The task - Write out the listing from the line with "夕飯。前の日に食べそびれた手" to the line with "Москва. 26 сентября.", both lines included, exactly and nothing beyond. Leave pictures out.

Data -
□ □ □ □

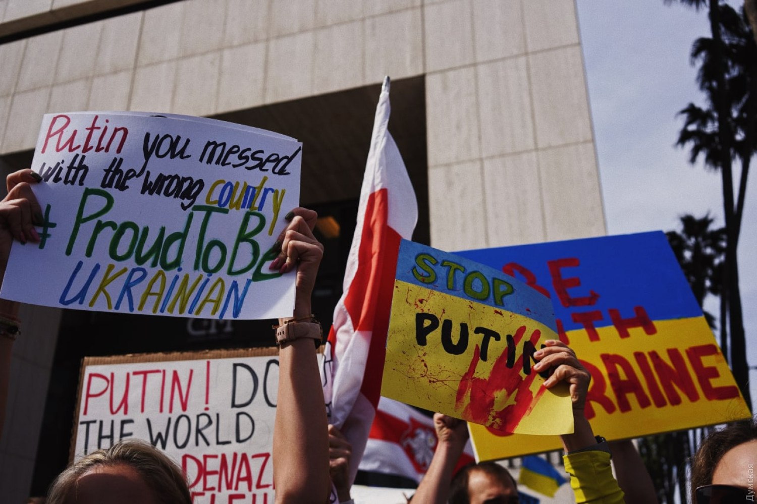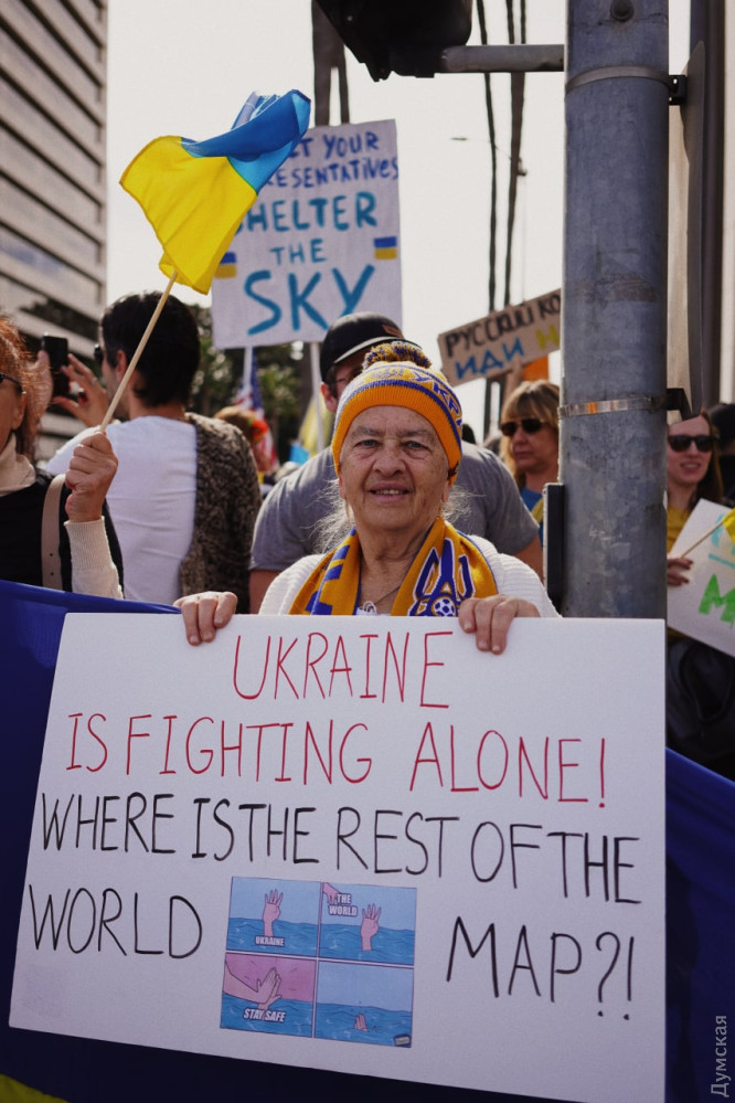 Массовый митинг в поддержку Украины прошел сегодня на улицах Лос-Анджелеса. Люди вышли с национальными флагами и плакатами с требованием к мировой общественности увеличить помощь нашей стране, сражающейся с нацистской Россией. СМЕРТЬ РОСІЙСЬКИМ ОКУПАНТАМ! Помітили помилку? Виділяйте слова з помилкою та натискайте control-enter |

□ □ □ □

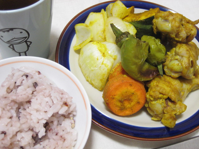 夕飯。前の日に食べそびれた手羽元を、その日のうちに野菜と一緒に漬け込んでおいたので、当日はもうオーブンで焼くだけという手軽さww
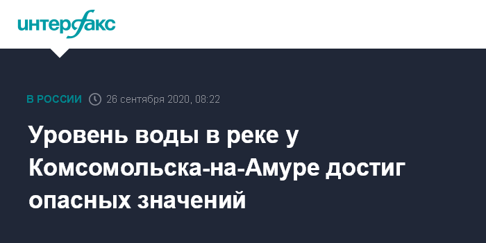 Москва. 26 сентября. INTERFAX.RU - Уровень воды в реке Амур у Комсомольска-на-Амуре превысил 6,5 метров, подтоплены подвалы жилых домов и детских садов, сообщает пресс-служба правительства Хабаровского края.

□ □ □ □

Exercise output -
 夕飯。前の日に食べそびれた手羽元を、その日のうちに野菜と一緒に漬け込んでおいたので、当日はもうオーブンで焼くだけという手軽さww
 Москва. 26 сентября. INTERFAX.RU - Уровень воды в реке Амур у Комсомольска-на-Амуре превысил 6,5 метров, подтоплены подвалы жилых домов и детских садов, сообщает пресс-служба правительства Хабаровского края.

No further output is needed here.